Which of us, when finding ourselves in the presence of a painting, has not sensed that we lack the keys to decipher it? We feel an emotional response, but the work still seems to evade our understanding.
Francoise Barbe-Gall combines a nuanced understanding of the way viewers respond to paintings with a rich knowledge of their context and circumstances of their creation. The result is like a tour of a dazzlingly eclectic museum in the company of a gentle yet authoritative guide.
She takes as her point of departure the impressions that we all feel when confronted by a canvas and takes us on a voyage of discovery fired by her own passionate enthusiasm for the subject. What is the painting’s relationship with the real world? Has the artist idealized nature, or distorted it? Did they want to shock the viewer, or provide consolation? With a clear approach and straightforward yet subtle analysis, the meaning of each work slowly becomes clear.

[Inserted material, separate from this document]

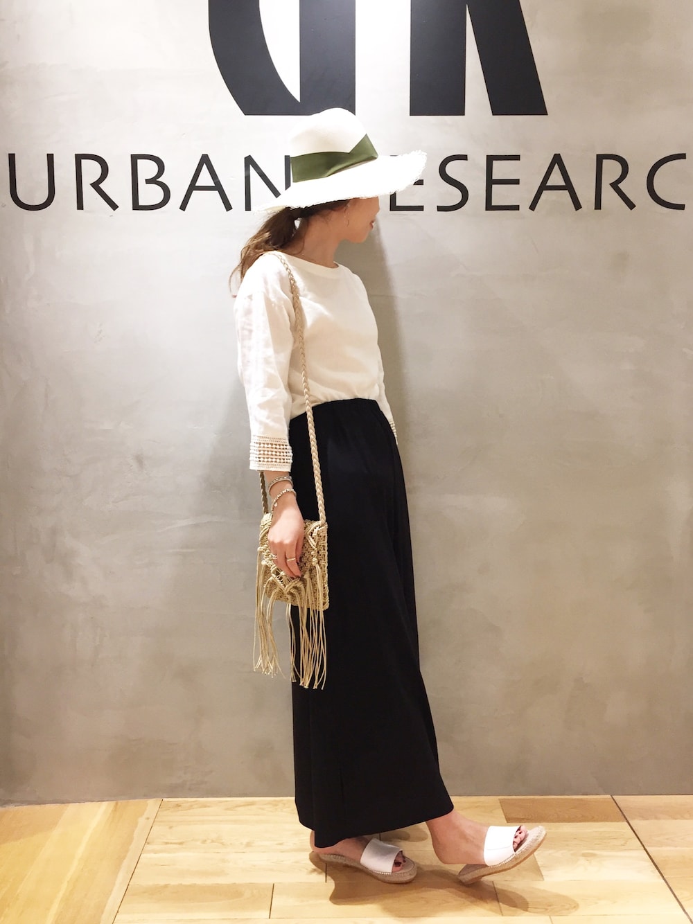 セットアップのパンツだけを使ったコーディネートです。サイドにスリットが入っていて動きが出て可愛い。

From Raphael’s penetrating character study of Castiglione, through Hopper’s cinematic take on the wee small hours of the morning Barbe-Gall begins by covering a number of ostensibly realistic works, made from the stuff of everyday life. Going in quite the other direction, she looks at the way paintings can express moments of heightened reality, from the perfection of Boticelli’s Primavera to the arresting glance of Vermeer’s girl with the Pearl Earring. She discusses paintings that distort the visible world (Parmigianino’s Madonna with an improbably long neck to Dali’s melting clocks) and those that sow confusion to make us more vigilant and pay closer attention to the real world (Cezanne’s depiction of a forest glade, or a mysterious fifteenth century altarpiece). Questions of history, style, iconography and composition are not neglected and are dealt in context of the paintings she discusses.